Il punto di vista della GenZ sulla politica

Il punto di vista della GenZ sulla politica

di Marta De Vivo e Paolo Di Falco

Invece di bloccare il DDL Zan, pensiamo a combattere l’odio

Paolo Di Falco

21 ottobre 2020

Invece di bloccare il DDL Zan, pensiamo a combattere l'odio

Si rinvia la discussione sulla legge contro l’omotransfobia in aula a causa dei focolai Covid-19: non è rinviando i disegni di legge che sconfiggeremo l’odio.

In parlamento si continua a rinviare l’approvazione della legge Zan, una legge che finalmente andrebbe a tutelare la comunità lgbtq+ dall’odio, dalla violenza. In pratica con l’approvazione della legge ci sarà «la reclusione da sei mesi a quattro anni per chi, in qualsiasi modo, istiga a commettere o commette violenza o atti di provocazione alla violenza per motivi razziali, etnici, nazionali o religiosi o fondati sull’orientamento sessuale o sull’identità di genere».

Una legge che finalmente condannerebbe esplicitamente questi episodi che purtroppo negli ultimi anni si sono moltiplicati: secondo il rapporto annuale di Arcigay nell’ultimo anno sono avvenuti più di 138 episodi di discriminazione, molti dei quali sfociati in veri e propri atti di violenza. Come dimenticare la morte di Maria Paola Gaglione, la ragazza di appena 18 anni che ad Acerra nella notte dell’11 settembre ha perso la vita per mano del fratello. La sua unica colpa? Avere una relazione con un ragazzo trans.

La libertà e la dignità per legge


Sembra davvero strano ma stando ai fatti ancora nel 2020 per colpa di un retaggio medievale, di un retaggio culturale, di un’ignoranza diffusa e diciamolo pure, per la stupidità, troppe volte la comunità lgbtq+ viene discriminata nella nostra società. A volte basta davvero poco per innescare azioni omofobe come un bacio in pubblico. Ciò che per noi è normalità, viene invece visto nel loro caso come un gesto di provocazione. Ma provocazione di chi? Possibile che non si sia ancora capito come l’amore sia vario, imperfetto? Non importano i protagonisti, ciò che dovrebbe essere considerato è solo l’amore che sboccia tra due persone.

Credo fermamente che un principio su cui si fonda la nostra società sia la libertà: non una parola vuota che oggi viene infangata nelle piazze negazioniste d’Italia, ma una parola viva, una parola che è anche un programma di vita per ognuno di noi, una parola che non si ferma alle apparenze ma anzi, va oltre il colore della nostra pelle, oltre gli orientamenti sessuali.

Una parola, un principio che è uguale per tutti. Se ci pensiamo un po’, è davvero paradossale che ci sia voluto un disegno di legge per provare a fermare questo clima di omofobia che non dovrebbe proprio esistere. Non è solamente un caso italiano naturalmente e a rivelarlo è il sondaggio “Una lunga strada da percorrere per l’uguaglianza LGBTI”, sondaggio che ha coinvolto ben 140.000 partecipanti. Nel 2019, il 58% degli intervistati LGBT ha dichiarato di aver subito molestie nei cinque anni precedenti l’indagine. Il 5% era stato aggredito fisicamente o sessualmente (escluse le minacce di violenza), con tassi più alti tra le persone trans.

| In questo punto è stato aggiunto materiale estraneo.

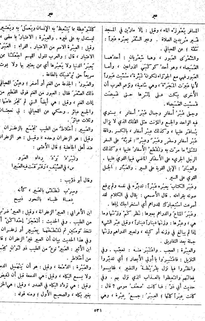 الْمُسَافِرَ يُعْوِزُه الْمَاءُ، وَقِيلَ: إِلا مَارِّينَ فِي الْمَسْجِدِ غَير مُرِيدين الصَّلَاةَ. وَعَبَرَ السَّفَر يعبُره عَبراً: شَقّة؛ عَنِ اللِّحْيَانِيِّ. والشِّعْرَى العَبور، وَهُمَا شِعْريانِ: أَحدُهما الغُمَيصاء، وَهُوَ أَحدُ كوكَبَي الذِّرَاعَيْنِ، وأَما العَبور فَهِيَ مَعَ الجوْزاء تكونُ نيِّرةً، سُمّيت عَبوراً لأَنها عَبَرت المَجَرَّةَ، وَهِيَ شَامِيَّةٌ، وَتَزْعُمُ الْعَرَبُ أَن الأُخرى بَكَتْ عَلَى إِثْرِها حَتَّى غَمِصَت فسُمّيت الغُمَيْصاءَ. وَجَمَلٌ عُبْرُ أَسفارٍ وَجِمَالٌ عُبْرُ أَسفارٍ، يَسْتَوِي فِيهِ الْوَاحِدُ وَالْجَمْعُ وَالْمُؤَنَّثُ مِثْلُ الفُلك الَّذِي لَا يَزَالُ يُسافَر عَلَيْهَا، وَكَذَلِكَ عِبْر أَسفار، بِالْكَسْرِ. وَنَاقَةٌ عُبْر أَسْفارٍ وسفَرٍ وعَبْرٌ وعِبْرٌ: قويَّةٌ عَلَى السَّفَرِ تشُقُّ مَا مَرَّتْ بِهِ وتُقْطعُ الأَسفارُ عَلَيْهَا، وَكَذَلِكَ الرَّجُلُ الْجَرِيءُ عَلَى الأَسفَارِ الْمَاضِي فِيهَا الْقَوِيُّ عَلَيْهَا. والعِبَارُ: الإِبل الْقَوِيَّةُ عَلَى السَّيْرِ. والعَبَّار: الْجَمَلُ الْقَوِيُّ عَلَى السَّيْرِ. وعَبَر الكتابَ يعبُره عَبْراً: تدبَّره فِي نَفْسِهِ وَلَمْ يَرْفَعْ صَوْتَهُ بِقِرَاءَتِهِ. قَالَ الأَصمعي: يُقَالُ فِي الْكَلَامِ لَقَدْ أَسرعت اسْتِعبارَك لِلدَّرَاهِمِ أَي اسْتِخْرَاجَكَ إِياها. وعَبَرَ المتاعَ وَالدَّرَاهِمَ يَعْبُرُهَا: نَظر كَمْ وزْنُها وَمَا هِيَ، وعبَّرها: وزنَها دِينَارًا دِينَارًا، وَقِيلَ عَبَّرَ الشيءَ إِذا لَمْ يُبَالِغْ فِي وَزْنِهِ أَو كَيْلِهِ، وَتَعْبِيرُ الدَّرَاهِمِ وزنُها جُمْلَةً بَعْدَ التَّفَارِيقِ. والعِبْرة: الْعَجَبُ. واعْتَبَر مِنْهُ: تَعَجَّبَ. وَفِي التَّنْزِيلِ: فَاعْتَبِرُوا يَا أُولِي الْأَبْصارِ

Vi rendete conto che, secondo il sondaggio, la maggior parte degli uomini gay evita di tenersi per mano con i loro partner in pubblico. È anche più probabile che evitino determinati luoghi per paura di essere attaccati rispetto alle donne lesbiche o bisessuali. Infatti quasi il 38% è stato molestato e più di un quarto non denuncia incidenti per paura. E’ questa la libertà? Ma secondo voi, a chi possiamo attribuire la colpa di questo crescente clima di odio e discriminazione nei loro confronti?

Quando anche la politica è complice…


Dobbiamo ammettere che in questi anni questa ventata d’odio che si è abbattuta su tutto il continente europeo non è di certo venuta da sola, ma anzi è stata aiutata e agevolata da alcuni comportamenti pubblici di alcuni esponenti politici, disposti a tutto per accaparrarsi qualche voto cristiano con la loro propaganda continua. In genere questo è un atteggiamento della destra conservatrice che però va a coinvolgere anche chi cerca “voti facili” puntando sull’odio, su sentimenti di intolleranza che per inciso, hanno dato anche origine a dei regimi dittatoriali. Sarà capitato un po’ a tutti di vedere, per esempio, nella scorsa campagna elettorale manifesti con slogan del tipo:”Difendi la famiglia tradizionale” o cose del genere.

Slogan che però si scagliano apertamente contro le famiglie lgbtq+, slogan che se da un lato spingono parte dell’elettorato Cristiano a propendere per quel candidato che si erge a difesa dei cosiddetti “valori tradizionali”, dall’altra provocano un disprezzo per le migliaia di famiglie arcobaleno la cui unica colpa resta quella di amarsi.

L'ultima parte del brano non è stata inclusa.